Philly’s Cayetana takes on big ideas with peppy songs that dig deep

Cayetana
Cayetana Chris Sikich

Philadelphia trio Cayetana’s new album “New Kind of Normal” is full of intimate, charming details and interesting turns of phrase that beg the listener to look a little deeper – under the guitar jangle, driving rhythm and flowery basslines.

On “Mesa,” for instance, lyricist Augusta Koch sings: “Together we make flowers out of weeds/We dance in garbage instead of leaves.” It’s a beautiful image, but a curious one.

“That line reminds me of my sister and my childhood,” says Koch. “It’s about making the best out of a s----y situation and growing up kind of poor.”

The band plays Evening Muse on Saturday with Hemming and Alright.

Koch also reflects on a subject many shy away from – the mental illness that touched her family.

“I had a father who passed from mental illness.
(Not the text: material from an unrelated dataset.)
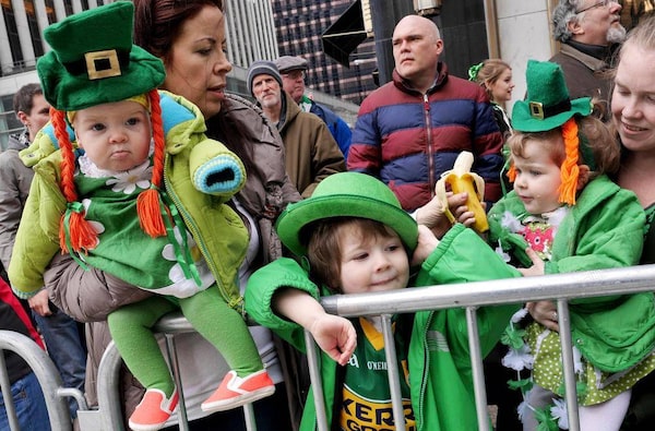 Auston O'Grady, 3, center, and his sisters Billie O'Grady, 7 months, right, and Zola O'Grady, 2, watch the St. Patrick's Day Parade in New York.Seth Wenig/The Associated Press

It’s been a theme in my life,” she says, although her songs are written so that even someone without that experience can relate. The new album is “not a ‘mental health’ record. The beauty of songs is people can take from them whatever they want. I’d never want to exclude anyone. Even if people don’t have a mental illness, mental health is such an important thing that isn’t recognized as an actual illness.”
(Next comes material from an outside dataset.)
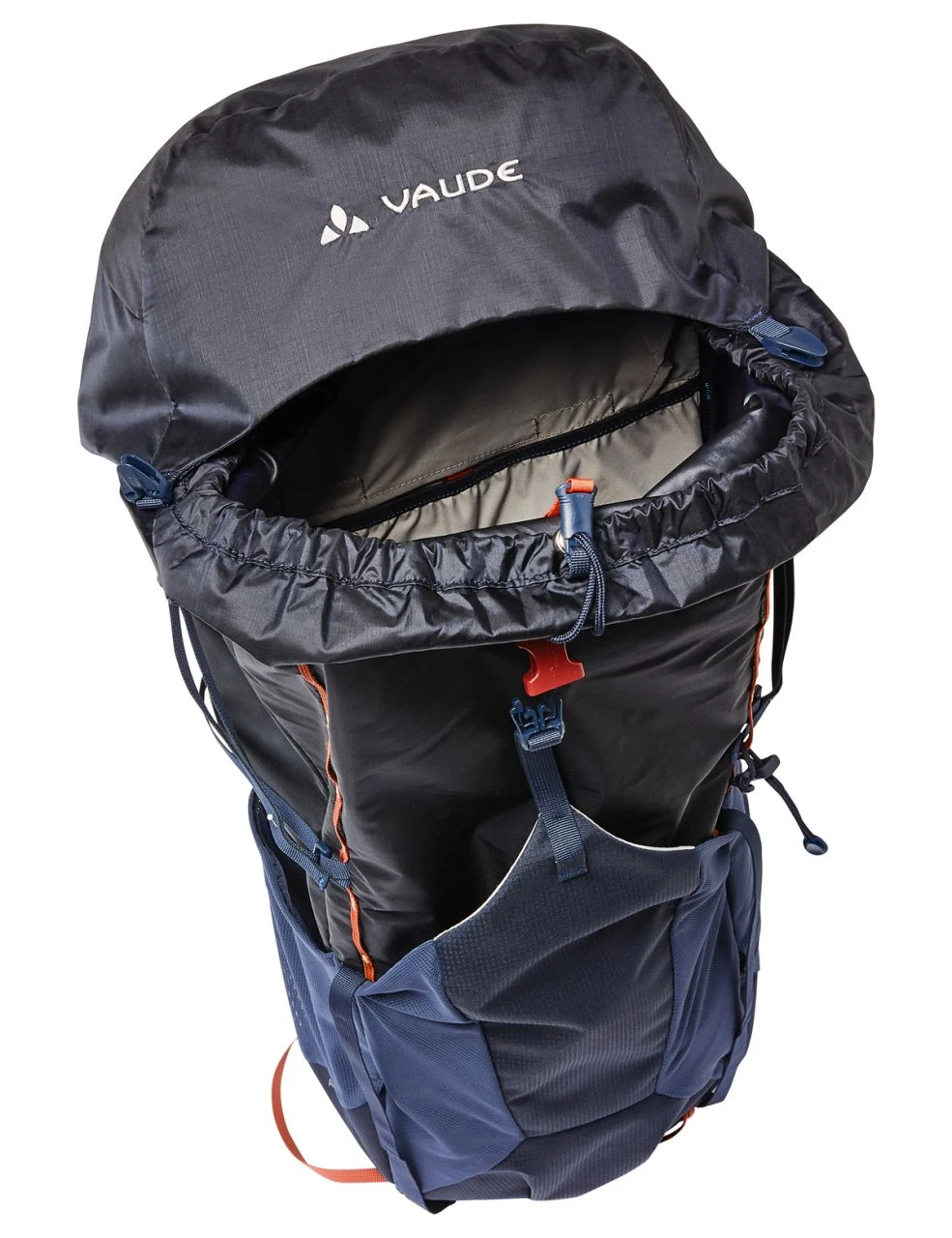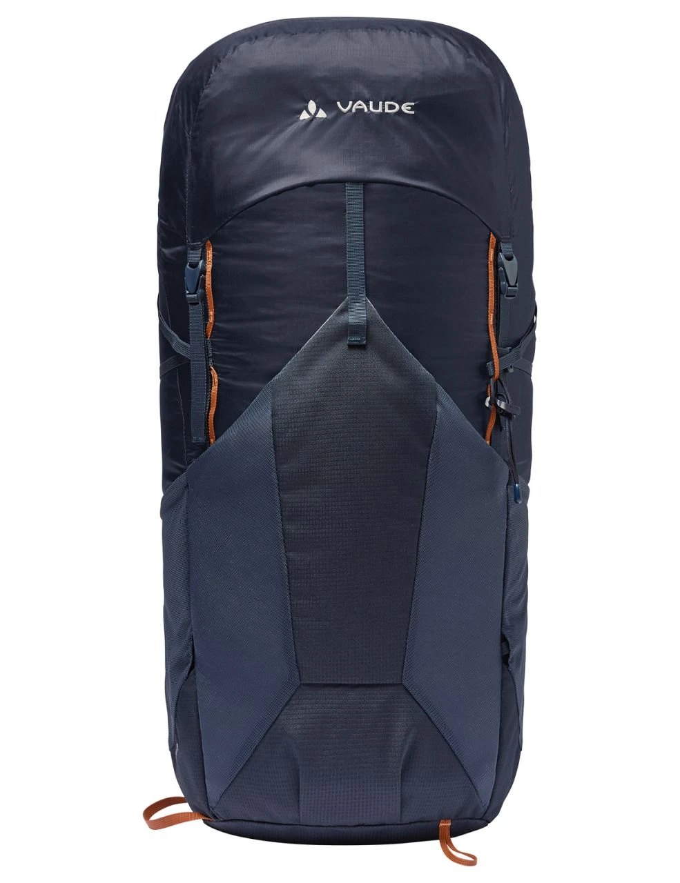 Wenn beim Trekking jedes Gramm zählt: Der Lightweight-Trekkingrucksack bietet hohen Tragekomfort bei niedrigem Gewicht – ideal für schnelle Wanderungen und zum Pilgern. Der ultraleichte Trekkingrucksack ist rückenfreundlich gepolstert: Die Aussparung am unteren Rücken mindert den Druck auf das Iliosakralgelenk und beugt Rückenschmerzen vor. Das Tergolight Comfort Space-Tragesystem verteilt die Last optimal. Rückenlänge sowie Lastenpositionierung sind individuell einstellbar. Die luftigen Ergoshape-Schultergurte des Ahead 48+ lassen dank ihrer speziellen Form genug Bewegungsfreiheit für die Arme bei steilen Aufstiegen. Energieriegel oder Handy sind in den Taschen an Schulterträgern und Hüftgurt griffbereit. Aus den elastischen Seitentaschen lassen sich Trinkflasche, Mütze usw. entnehmen, ohne den Trekkingrucksack abzusetzen. Trekkingstöcke können einfach beim Gehen befestigt werden. Feuchte Ausrüstung findet im geräumigen Frontfach Platz und trocknet dank Mesheinsätzen ab. Die variable Daisy Chain nimmt Helm und Steigeisen auf. Der Toplader hat ein extra Fach für die Trinkblase. Die Ersatzschnalle am oberen Kompressionsriemen ersetzt unterwegs eventuell defekte Schnallen. Der höhenverstellbare, abnehmbare Deckel erweitert das Volumen um weitere 8 Liter und lässt sich zudem separat als Hüfttasche tragen. Das Material des Ahead 48+ besteht aus einem Mix aus zu 100 % recyceltem Polyester sowie Polyamid mit einem biobasierten Anteil aus 62 % Rizinusöl – ein äußerst leichtes, reißfestes, nachhaltiges Material. Das VAUDE Green Shape-Label steht für ein umweltfreundliches, funktionelles Produkt aus bluesign® zertifizierten, nachhaltigen Materialien.
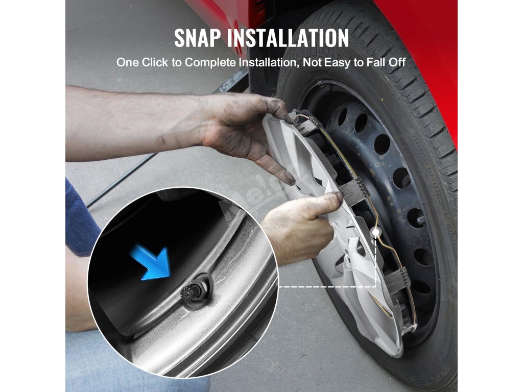 Instalace je snadná - stačí zarovnat a zatlačit! Díky klipovému provedení krytů ráfků kol jsou kryty kol bezpečné i na nerovných cestách.

Lyrically, Koch zeroes in on the uncertainty, and the self-acceptance that comes with becoming more confident and comfortable in your own skin.

It’s a theme Cayetana has explored since the band began; they shared a love of music, but little knowledge of their instruments.

“It felt more comfortable since none of us knew what we were doing,” says Koch. “When I’d tried (to start bands) in the past, it was very intimidating. We learned together. We practiced for eight months, maybe longer, before we played a show.”

While Cayetana doesn’t want gender to be the first thing people notice, she says, “It’s still important to see people that look like you doing anything.

“My first years of going to shows, I don’t think I saw any women playing.”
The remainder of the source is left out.